下调CD151联合贝伐珠单抗抑制结直肠癌生长与微血管密度

doi:10.16352/j.issn.1001-6325.2025.01.0020

基础医学与临床 ›› 2025, Vol. 45 ›› Issue (1): 20-24.doi: 10.16352/j.issn.1001-6325.2025.01.0020

下调CD151联合贝伐珠单抗抑制结直肠癌生长与微血管密度

刘艳彩¹, 刘学刚², 张振亚^3*

河北省衡水市第四人民医院1.病理科; 2.普外科, 河北衡水 053000;
3.河北医科大学第四医院外二科,河北石家庄 050000

收稿日期:2024-10-09 修回日期:2024-11-19 出版日期:2025-01-05 发布日期:2024-12-25
通讯作者: ^*hbykyangyang@sina.com
基金资助:
衡水市科技计划项目(2016014054Z);河北省科技计划项目(13397708D)

Down-regulation of CD151 combined with bevacizumab inhibits the growth and microvessel density of colorectal cancer

LIU Yancai¹, LIU Xuegang², ZHANG Zhenya^3*

1. Department of Pathology; 2. Department of General Surgery, the Fourth People's Hospital of Hengshui, Hengshui 053000;
3. The Second Department of Surgery, the Fourth Hospital of Hebei Medical University, Shijiazhuang 050000, China

Received:2024-10-09 Revised:2024-11-19 Online:2025-01-05 Published:2024-12-25
Contact: ^*hbykyangyang@sina.com

摘要/Abstract

摘要： 目的研究下调CD151表达联合应用贝伐珠单抗对结直肠癌生长以及微血管密度的影响。方法用贝伐珠单抗分别处理人结肠癌细胞系HT-29以及CD151^--HT-29株(下调CD151的HT-29细胞),最终将细胞分为4组:HT-29对照组,贝伐珠单抗处理组,CD151^--HT-29组,CD151^--HT-29+贝伐珠单抗处理组,通过细胞增殖活性实验(MTS法)观察各组细胞的增殖情况;制作裸鼠皮下移植瘤模型,HT-29对照组以及CD151^--HT-29组分别采用0.9%氯化钠溶液、贝伐珠单抗治疗。观察4组裸鼠皮下瘤的生长情况,并记录皮下瘤的体积和质量;取各组成瘤裸鼠的肿瘤组织,通过标记血管内皮标志物,以免疫组化方式考察各组肿瘤组织的微血管密度(MVD)水平。结果与对照组相比,贝伐珠单抗处理组以及CD151^--HT-29组细胞的增殖显著降低(P＜0.001);CD151^-联合应用贝伐珠单抗组细胞增殖比单一处理组细胞增殖慢(P＜0.001);在裸鼠皮下瘤实验中,贝伐珠单抗处理组以及CD151^-组裸鼠皮下瘤体积、质量及MVD,与对照组相比显著降低(P＜0.01);CD151^-+贝伐珠单抗组裸鼠皮下瘤体积、质量以及CD34表达,与单一处理组相比显著降低(P＜0.01)。结论 CD151蛋白可能参与结直肠癌组织中血管生成的调控,并与靶向药物在瘤组织微血管生成方面有一定的协同作用。
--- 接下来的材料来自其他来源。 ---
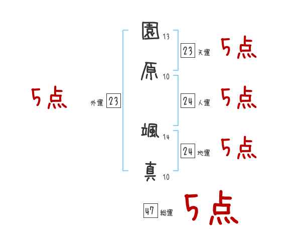 人運![]() | 園原颯真さんの人運は24画の5つ星!家庭運が良く順調な人生。金運にも恵まれる。 性格や才能などを表す2番目に重要な運勢です。人間関係や協調性、社会的な成功に影響します。主に20歳から50歳ぐらいまでの中年期の運勢を表します。 |
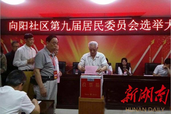 △石鼓区人民街道向阳社区第九届居民委员会选举大会现场。
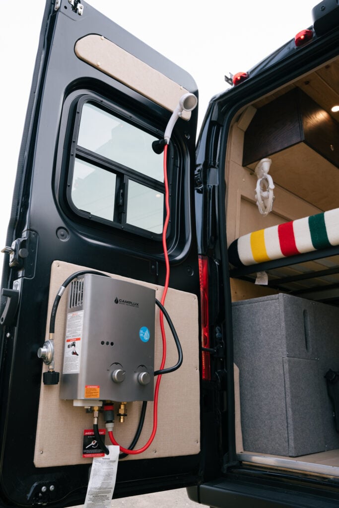 • Outdoor hot water shower (Camplux tankless water heater with 5 lb propane tank)
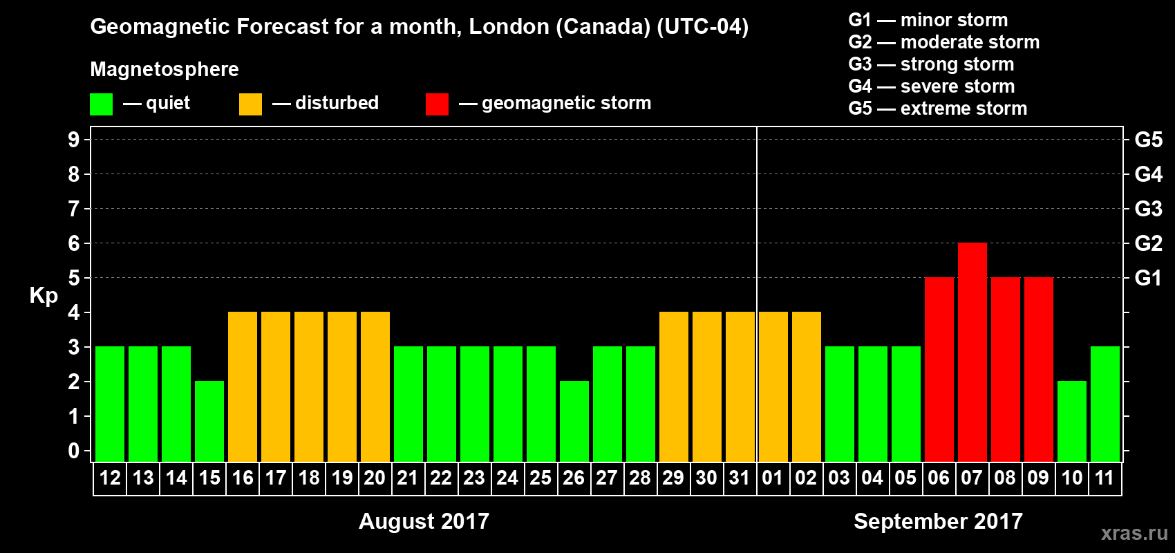 Geomagnetic storm forecast in London (Canada) for Aug 12, 2017
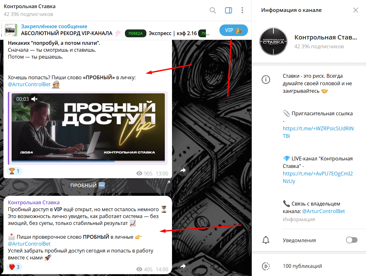- написать слово “ПРОБНЫЙ” или “VIP” в личные сообщения куратору @ArturControlBet;

关键词: 结直肠癌, CD151, 贝伐珠单抗, 微血管密度

Abstract: Objective To investigate the effects of CD151 down-regulation combined with bevacizumab on colorectal cancer growth and microvessel density. Methods Human colorectal cancer cell line HT-29 and CD151^--HT-29 cells strain(CD151 down-regulated HT-29 cells) were treated with bevacizumab. The cells were divided into four groups: control (HT-29) group, bevacizumab-treatment group, CD151^--HT-29 group, and CD151^--HT-29 + bevacizumab-treatment group. Cell proliferation was observed in each group using the MTS assay. A subcutaneous xenograft model in nude mice was established, and the HT-29 control group and CD151^--HT-29 group were treated with either 0.9% NaCl solution or bevacizumab. The growth of subcutaneous tumors in the four groups was observed, and the volume and weight of the tumors were recorded. Tumor tissues were collected for immunohistochemical staining of endothelial cells to assess microvessel density (MVD). Results Compared with the control group, cell proliferation was significantly reduced in the bevacizumab-treated group and CD151^--HT-29 group(P＜0.001). Cell proliferation in the CD151^--HT-29 + bevacizumab-treated group was slower than that in the single treatment groups (P＜0.001). In the subcutaneous tumor model, the volume, weight, and MVD of tumors in the bevacizumab-treated and CD151^--HT-29 groups were significantly reduced compared to the control group(P＜0.01). In the CD151^--HT-29 + bevacizumab group, the tumor volume, weight, and CD34 expression were significantly lower than in the single treatment groups (P＜0.01). Conclusions CD151 protein may play a role in the regulation of angiogenesis in colorectal cancer tissues and may have a synergistic effect with bevacizumab in inhibiting microvessel formation in tumor tissues.

Key words: colorectal cancer, CD151, bevacizumab, microvessel density

中图分类号:

R246.5

刘艳彩, 刘学刚, 张振亚. 下调CD151联合贝伐珠单抗抑制结直肠癌生长与微血管密度[J]. 基础医学与临床, 2025, 45(1): 20-24.

LIU Yancai, LIU Xuegang, ZHANG Zhenya. Down-regulation of CD151 combined with bevacizumab inhibits the growth and microvessel density of colorectal cancer[J]. Basic & Clinical Medicine, 2025, 45(1): 20-24.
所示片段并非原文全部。